_DATASET RECORDS_.
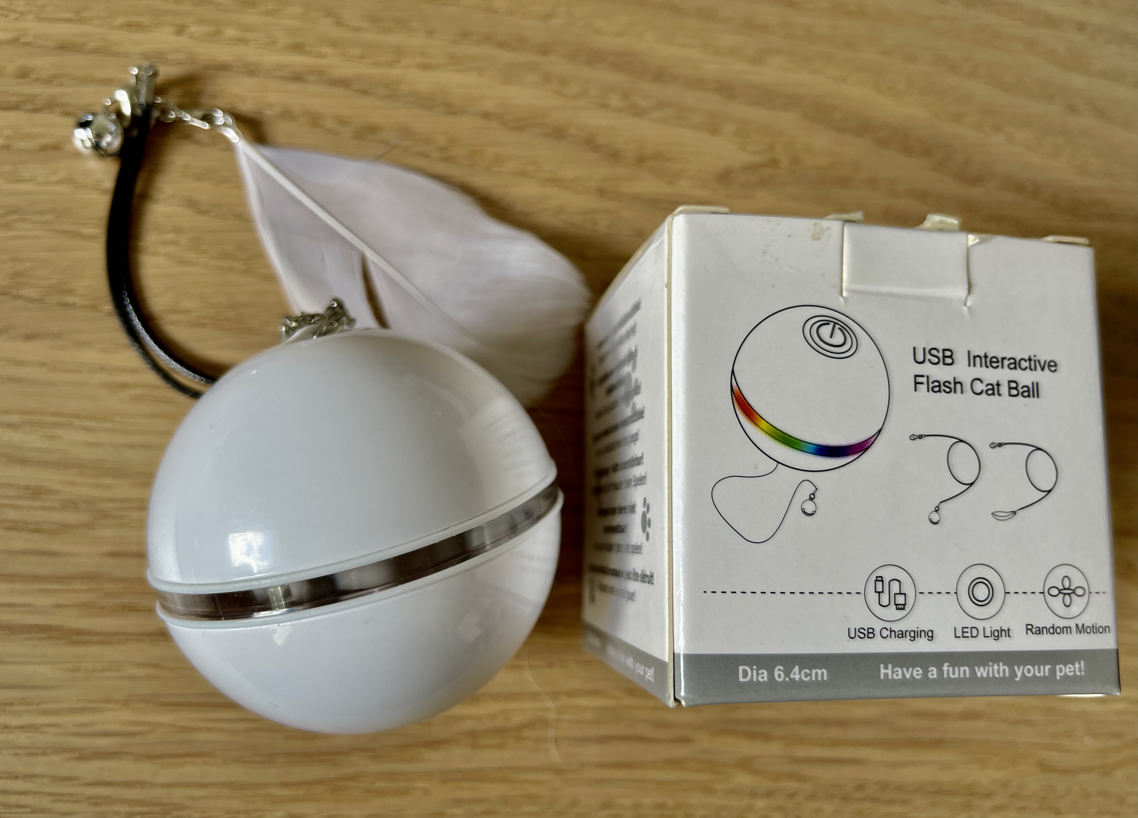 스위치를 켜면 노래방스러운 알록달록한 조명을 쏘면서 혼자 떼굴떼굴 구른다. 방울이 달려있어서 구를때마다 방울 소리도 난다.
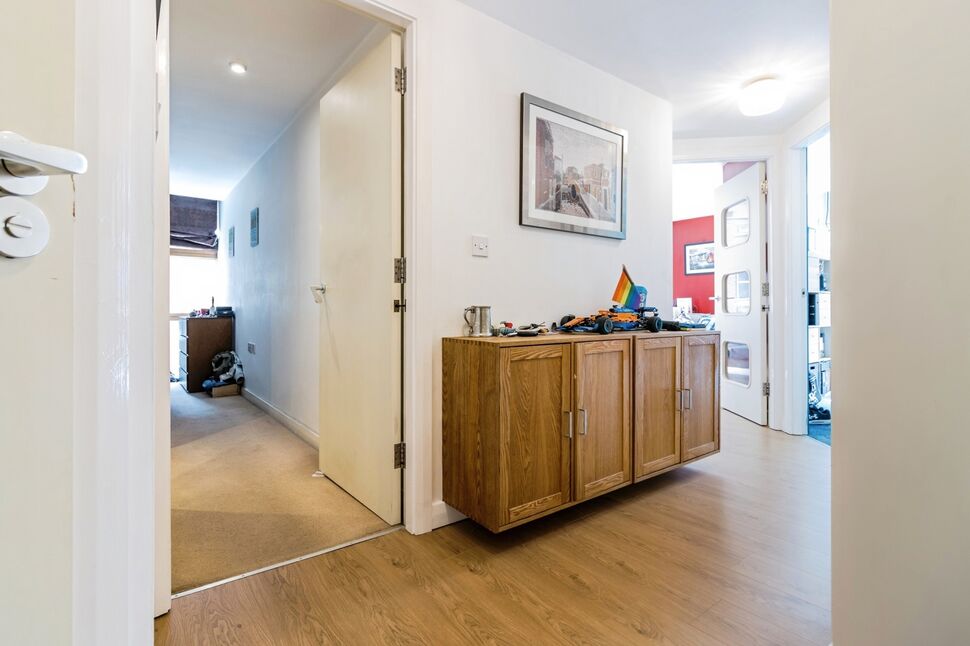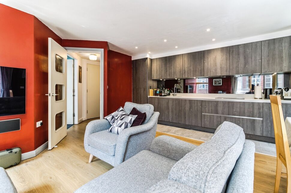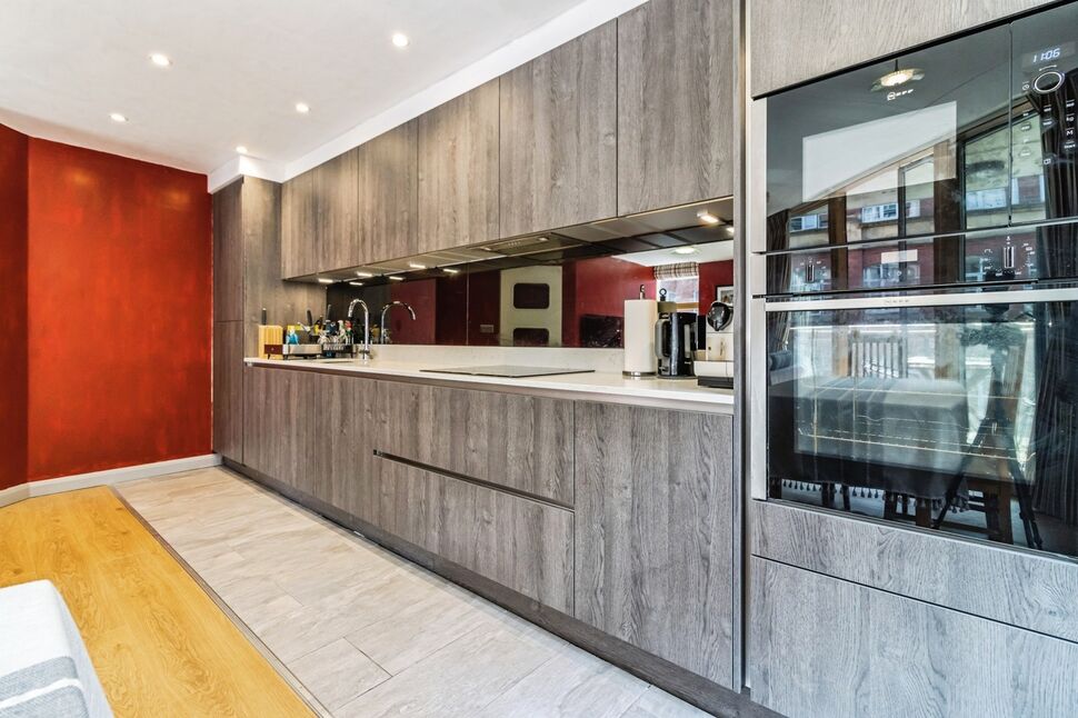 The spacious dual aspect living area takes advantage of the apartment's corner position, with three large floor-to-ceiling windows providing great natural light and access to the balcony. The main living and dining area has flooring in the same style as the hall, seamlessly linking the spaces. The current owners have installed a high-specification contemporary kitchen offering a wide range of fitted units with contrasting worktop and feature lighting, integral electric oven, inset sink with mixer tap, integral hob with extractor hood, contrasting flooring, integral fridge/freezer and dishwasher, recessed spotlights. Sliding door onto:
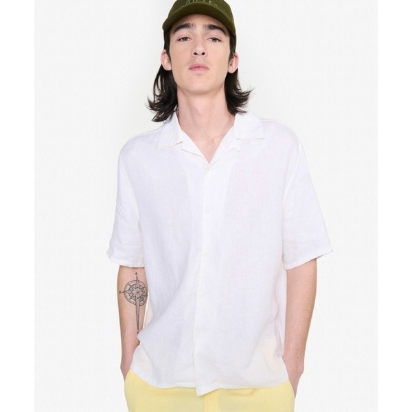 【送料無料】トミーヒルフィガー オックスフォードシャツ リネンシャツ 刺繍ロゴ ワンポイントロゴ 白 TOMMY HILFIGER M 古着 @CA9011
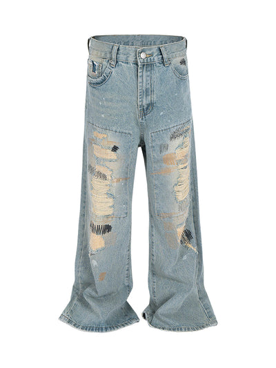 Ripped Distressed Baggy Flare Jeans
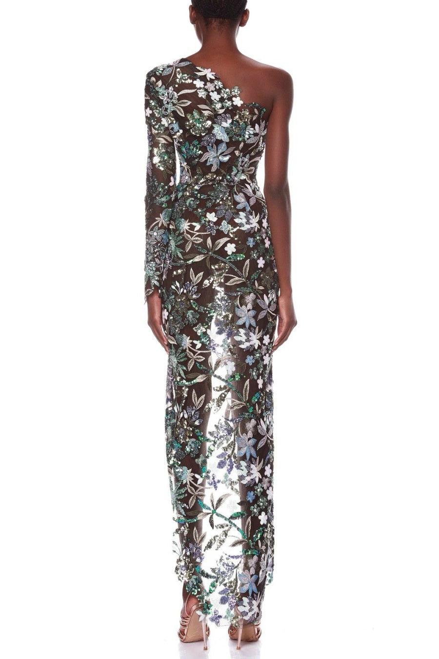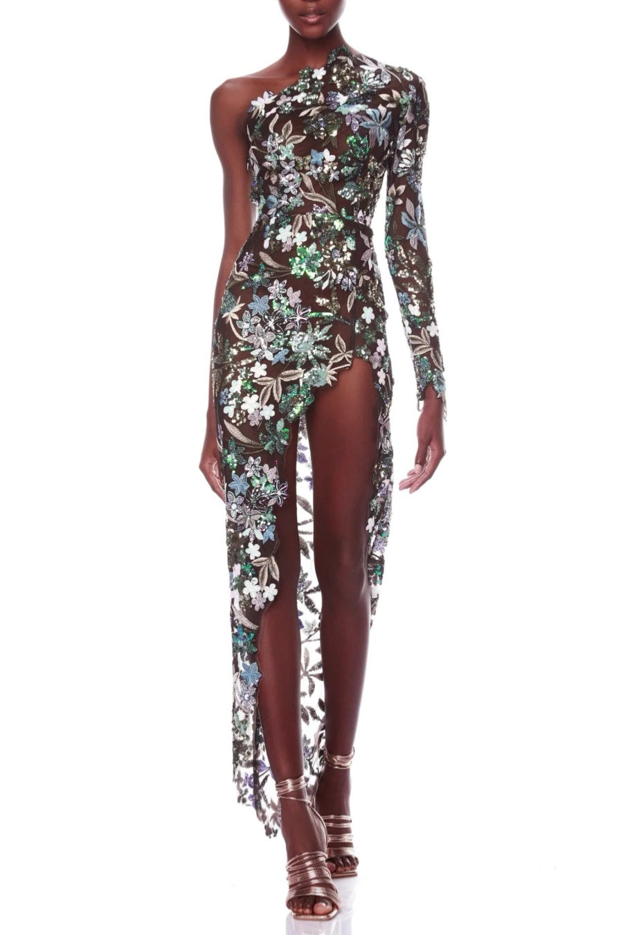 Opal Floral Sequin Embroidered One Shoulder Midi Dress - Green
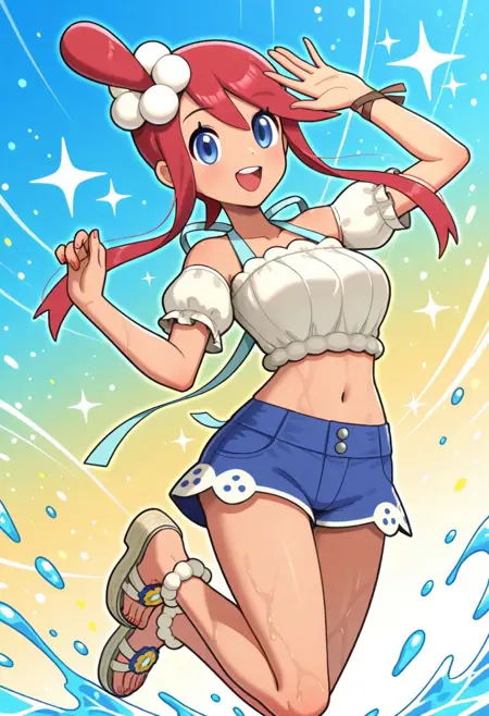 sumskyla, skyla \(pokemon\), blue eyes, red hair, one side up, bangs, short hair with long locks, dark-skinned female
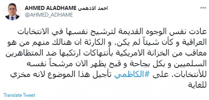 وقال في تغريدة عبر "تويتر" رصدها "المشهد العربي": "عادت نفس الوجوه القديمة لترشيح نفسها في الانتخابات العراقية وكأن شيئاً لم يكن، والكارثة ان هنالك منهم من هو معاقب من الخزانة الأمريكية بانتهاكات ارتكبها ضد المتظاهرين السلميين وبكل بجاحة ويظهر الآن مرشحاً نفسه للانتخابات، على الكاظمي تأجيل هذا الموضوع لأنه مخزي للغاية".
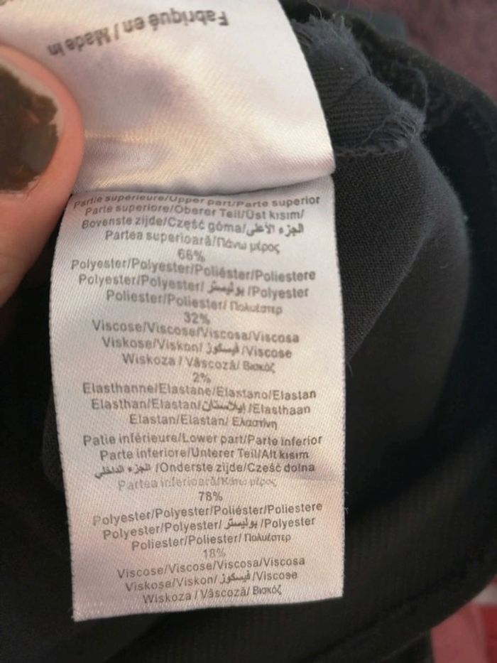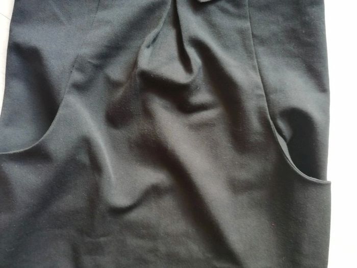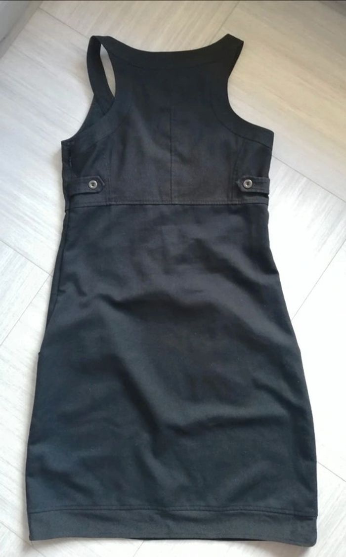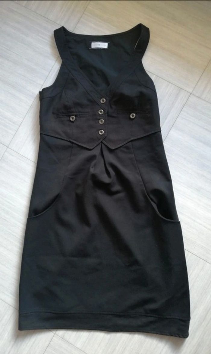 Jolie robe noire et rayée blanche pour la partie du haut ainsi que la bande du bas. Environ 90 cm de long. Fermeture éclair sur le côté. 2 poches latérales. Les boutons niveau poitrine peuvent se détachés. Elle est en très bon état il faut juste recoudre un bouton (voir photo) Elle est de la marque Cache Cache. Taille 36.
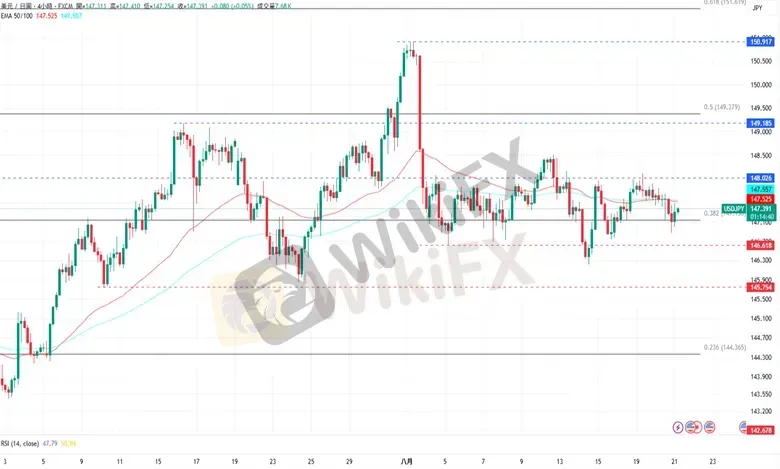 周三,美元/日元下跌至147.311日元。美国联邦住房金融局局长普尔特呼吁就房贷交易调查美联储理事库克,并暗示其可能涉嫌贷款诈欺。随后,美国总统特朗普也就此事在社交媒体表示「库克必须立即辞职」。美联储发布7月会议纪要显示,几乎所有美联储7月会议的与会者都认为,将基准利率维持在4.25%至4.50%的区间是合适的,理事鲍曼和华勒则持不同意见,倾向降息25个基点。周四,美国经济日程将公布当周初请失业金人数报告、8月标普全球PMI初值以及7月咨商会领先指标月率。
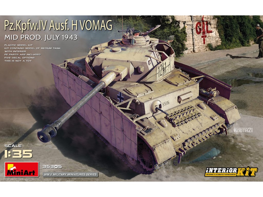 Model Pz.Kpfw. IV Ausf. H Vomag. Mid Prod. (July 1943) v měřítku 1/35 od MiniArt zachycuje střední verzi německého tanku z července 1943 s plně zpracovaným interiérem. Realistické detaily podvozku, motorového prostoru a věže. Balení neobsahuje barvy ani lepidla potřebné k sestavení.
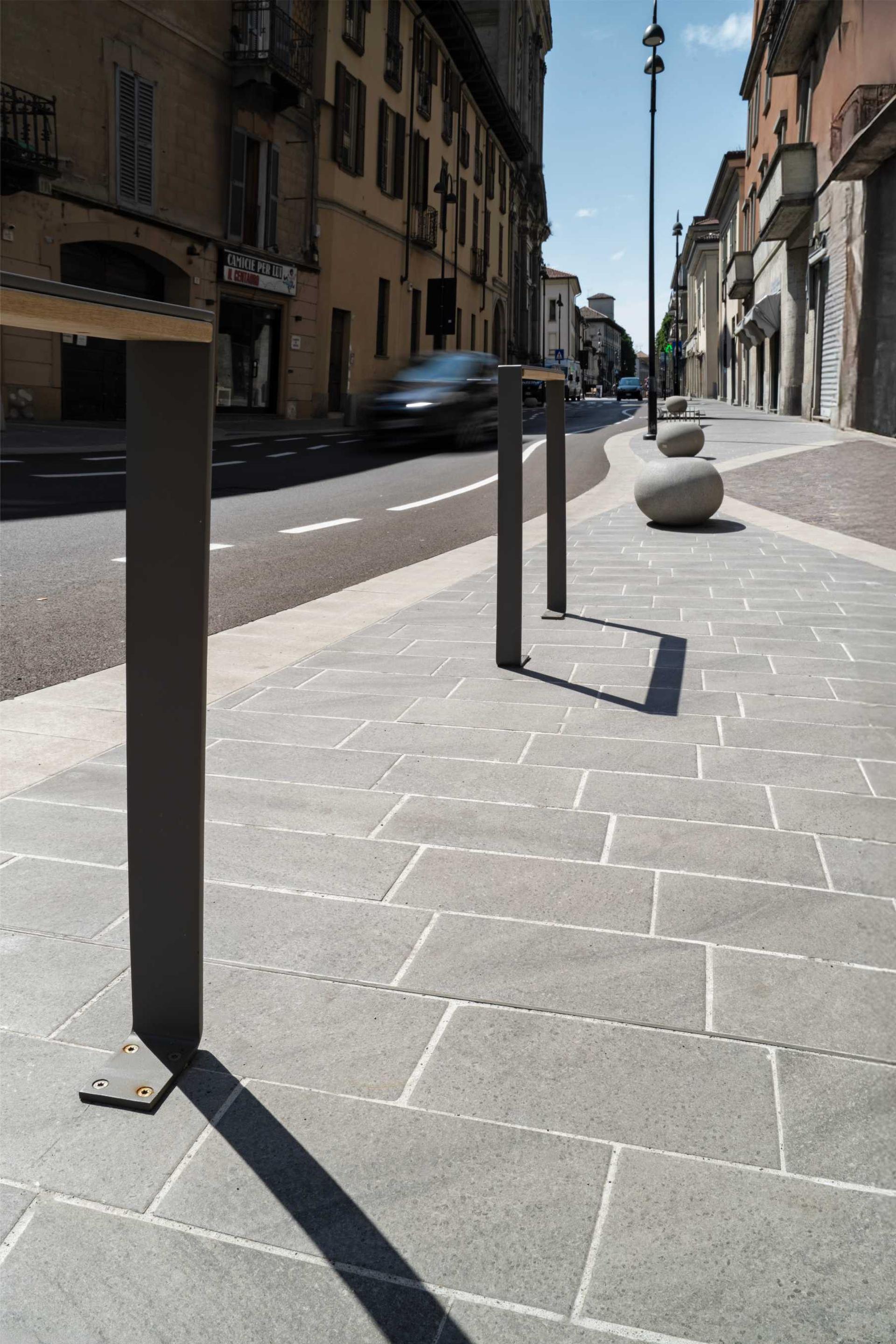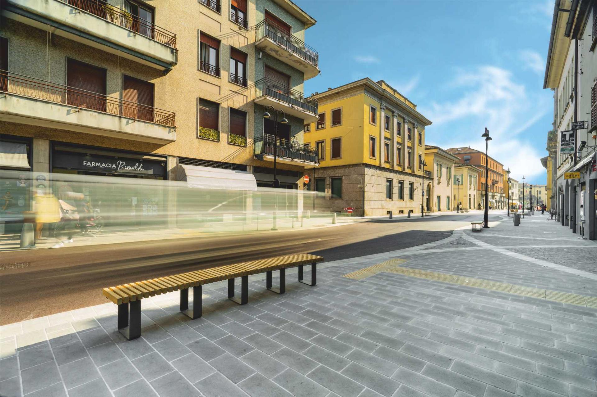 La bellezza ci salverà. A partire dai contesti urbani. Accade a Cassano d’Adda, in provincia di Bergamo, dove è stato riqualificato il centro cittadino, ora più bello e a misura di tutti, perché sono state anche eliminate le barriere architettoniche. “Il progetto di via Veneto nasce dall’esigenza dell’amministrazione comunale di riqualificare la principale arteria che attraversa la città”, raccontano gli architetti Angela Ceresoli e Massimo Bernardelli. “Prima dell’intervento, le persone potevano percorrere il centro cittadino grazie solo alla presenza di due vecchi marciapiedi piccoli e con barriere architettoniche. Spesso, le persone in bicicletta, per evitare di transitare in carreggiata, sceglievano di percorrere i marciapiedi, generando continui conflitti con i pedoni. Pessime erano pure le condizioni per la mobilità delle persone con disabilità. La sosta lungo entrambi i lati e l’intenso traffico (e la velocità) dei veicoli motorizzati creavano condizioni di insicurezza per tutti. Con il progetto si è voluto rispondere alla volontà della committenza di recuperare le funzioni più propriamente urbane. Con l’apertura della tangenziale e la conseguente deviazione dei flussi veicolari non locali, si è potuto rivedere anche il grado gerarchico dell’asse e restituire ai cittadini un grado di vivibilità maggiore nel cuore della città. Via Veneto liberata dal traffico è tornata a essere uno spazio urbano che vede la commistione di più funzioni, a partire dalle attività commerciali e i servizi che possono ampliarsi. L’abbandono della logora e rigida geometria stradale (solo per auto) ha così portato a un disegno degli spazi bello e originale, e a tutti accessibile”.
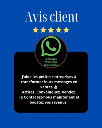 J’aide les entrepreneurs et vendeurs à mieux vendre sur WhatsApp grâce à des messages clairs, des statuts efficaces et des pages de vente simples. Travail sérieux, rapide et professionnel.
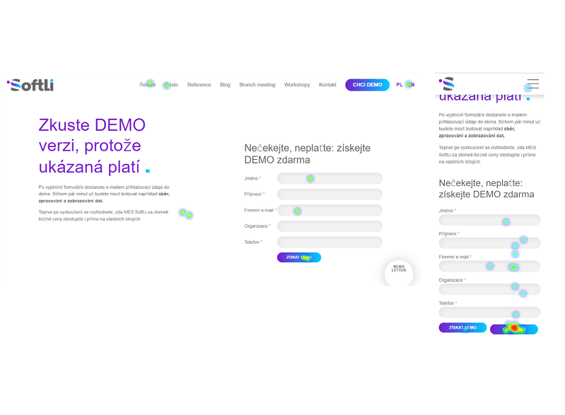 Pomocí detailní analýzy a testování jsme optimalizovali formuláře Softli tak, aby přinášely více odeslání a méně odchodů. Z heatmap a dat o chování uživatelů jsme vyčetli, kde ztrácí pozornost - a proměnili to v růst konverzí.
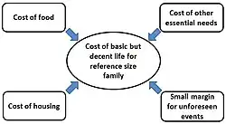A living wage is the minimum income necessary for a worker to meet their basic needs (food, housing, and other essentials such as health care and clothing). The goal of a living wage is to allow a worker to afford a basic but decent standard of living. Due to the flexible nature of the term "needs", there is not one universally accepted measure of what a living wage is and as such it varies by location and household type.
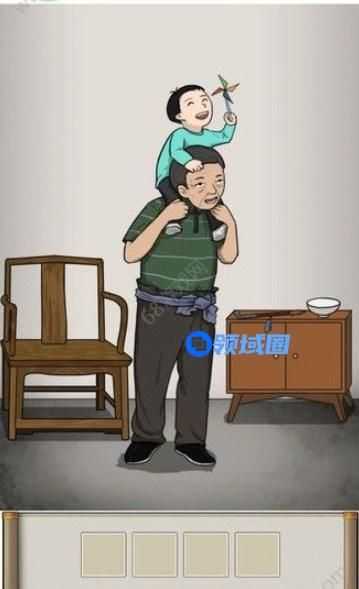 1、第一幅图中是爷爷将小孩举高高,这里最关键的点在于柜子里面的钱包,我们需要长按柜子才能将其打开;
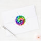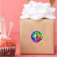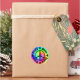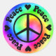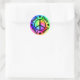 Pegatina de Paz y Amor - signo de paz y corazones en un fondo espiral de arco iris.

_PROBLEM TO WORK ON_.
Above are the records; copy exactly the lines from the one with "Jolie robe noire" through the one with "Model Pz.Kpfw. IV", including both, and nothing more. Leave out pictures.

_ANSWER AREA_.
 Jolie robe noire et rayée blanche pour la partie du haut ainsi que la bande du bas. Environ 90 cm de long. Fermeture éclair sur le côté. 2 poches latérales. Les boutons niveau poitrine peuvent se détachés. Elle est en très bon état il faut juste recoudre un bouton (voir photo) Elle est de la marque Cache Cache. Taille 36.
 周三,美元/日元下跌至147.311日元。美国联邦住房金融局局长普尔特呼吁就房贷交易调查美联储理事库克,并暗示其可能涉嫌贷款诈欺。随后,美国总统特朗普也就此事在社交媒体表示「库克必须立即辞职」。美联储发布7月会议纪要显示,几乎所有美联储7月会议的与会者都认为,将基准利率维持在4.25%至4.50%的区间是合适的,理事鲍曼和华勒则持不同意见,倾向降息25个基点。周四,美国经济日程将公布当周初请失业金人数报告、8月标普全球PMI初值以及7月咨商会领先指标月率。
 Model Pz.Kpfw. IV Ausf. H Vomag. Mid Prod. (July 1943) v měřítku 1/35 od MiniArt zachycuje střední verzi německého tanku z července 1943 s plně zpracovaným interiérem. Realistické detaily podvozku, motorového prostoru a věže. Balení neobsahuje barvy ani lepidla potřebné k sestavení.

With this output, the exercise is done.